Friday, June 11, 2010

Underdogs

So often, we are reminded that basketball players aren’t like us. Charles Barkley told us they’re not role models. Unlike the 1950’s and 60’s, when teams had “territorial” draft picks, they’re not from here. Remember, Paul Pierce grew up in the shadow of the Great Western Forum as a Lakers fan. And many of these guys make more money in a single year than we’ll see in an entire lifetime. We’re reminded of these things, time and time again. Yet, we keep plopping down the cash to support “our” team. Thirty bucks for the cheap seats, a hundo for the loge, and God-knows-what for those seats you’ll never see me in. I often take Jay to task for his emotional attachment to the Bruins: “you’re rooting for laundry; these guys don’t care about you!”
But when the NBA Finals come around with one team standing in Hollywood gold and the other in St. Patty’s Day green, storylines emerge whether they’re relevant or not. The team takes on the personality of the city. It was perfect in the 80’s: a guy named “Magic” leading the showy Lakers against a farm boy (Bird) and the gritty Celtics. No matter that Earvin Johnson Jr. was from Lansing, MI and the least glitzy background you can imagine. It was West Coast vs. East Coast. Hollywood meeting the working class heroes. A Lamborghini against a Ford Tempo.
When the Celtics-Lakers rivalry “renewed” in 2008, the talking heads started making the same old comparisons. The Celtics (and their fans) were tougher, hungrier. After a while, we started to believe it, and we fell in love with those 2008 champs, despite the fact that Kevin Garnett’s “anything is possible” exclamation went straight to a shoe commercial and Paul Pierce spent the summer mouthing off about being the best player alive. We supported them unconditionally: they put another banner in the rafters – those were our guys! Yet, two years later, when a veteran 2010 squad coasted through a regular season where they seemingly couldn’t care less, I wondered if we as fans could force ourselves to identify with this team anymore. Had the Celtics become the Lakers? Too cool to care?

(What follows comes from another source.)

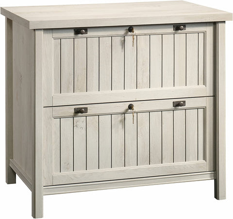If you prefer something less office-like and more adaptable, this file cabinet blending style and function together is for you. With a contemporary outline and slat-front detailed design, you could use this item to update your decor in an office or even a corridor. This lateral file cabinet has full extension slides and can accommodate letter or legal-size hanging files. We are always concerned about your safety, this is why this two-drawer file cabinet features a proprietary, interlocking safety mechanism that allows only one drawer to be open at a time. Furthermore, both drawers have a lock for secure document keeping. It truly is the ideal component for all of your storage requirements. This cottage-inspired, legal-size lateral file cabinet, finished in Chalked Chestnut and detailed with a sophisticated, framed, slat-front, will look stunning no matter where it exists.
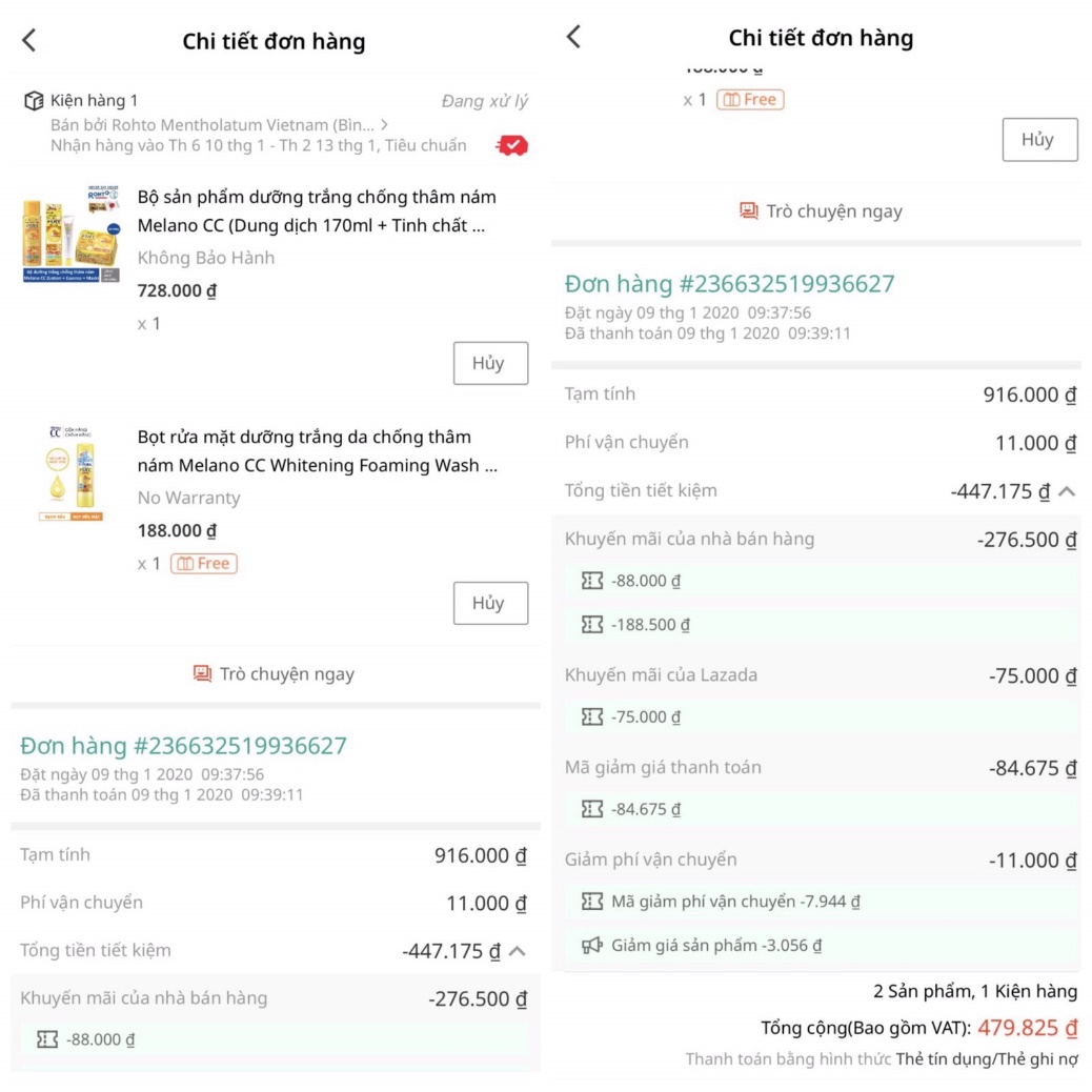 Một đơn hàng thực tế khi mua sắm trên Lazada dịp Tết năm nay. Khách hàng sẽ được cộng dồn ưu đãi từ cả nhà bán hàng và Lazada.

Through three rounds of the playoffs, they showed they did care, and succeeded even though every notable media outlet had written them off. Over the course of six weeks, the Celtics dismantled teams headed by three of the leagues biggest superstars: “The Flash” Dwayne Wade, “The King” LeBron James, and “Superman” Dwight Howard. But as the Finals approached, the majority again sided with the Lakers. Kobe Bryant was an “assassin.” Posing in magazines looking like E.T. The Spaniard, Pau Gasol, a onetime prodigy, finally added toughness to his impressive post-up game. Lamar Odom, now married into a family that is singlehandedly eating away at our society like spilled acid in a high school science lab (the Kardashians) settled into a role as a versatile weapon off the bench. The Lakers were the team. The Lakers had  DiCaprio, Stallone, even “E” from Entourage sitting courtside. The Celtics? Boston? New England? Underdogs.

Who cares if Laker fans are just as likely to be “Boyz N the Hood” as they are Carlton Banks? The Lakers and their fanbase? Soft. This is New England, guy, the cradle of bleepin’ liberty as you know it and home to the toughest sons-of-a-musket you can muster. The celebs? Donnie Wahlberg from The Dot and Maria Menounos from Meffa. The fans? Bunch of “old salt” fishermen, two-boat Irishmen, inner-city scrappers. You’re gonna call us out? You think our Celtics are gonna lose?

Last night, two of the biggest underdogs keyed the Celtic victory, much to the delight of fans across these six states, whether they’re somewhere up in the wilds of Vermont or doing shots at a downtown establishment. Glen Davis, a 6’8”, near-300-pound overgrown infant, barreling past Eurotrash Gasol and drop-stepping all over Lamar Kardashian for the “and-one” time after time, totaled 18 points in 22 minutes with four offensive rebounds and one big drool spot on the parquet floor. Five-foot-nothing and clearly ADHD-riddled Nate Robinson took a hack from Odom and got right in his face like Hulk Hogan staring up at Andre the Giant at Wrestlemania 3. C’mon son! Nate might’ve gotten a technical for that (and the always-composed Ray Allen properly admonished him) but the place was electric. You know why?

The underdog Celtics were at it again. Nobody invited Big Baby and Nate Robinson to the party. But guess who’s coming to dinner?

The series is tied 2-2. Game 5 is Sunday night in Boston.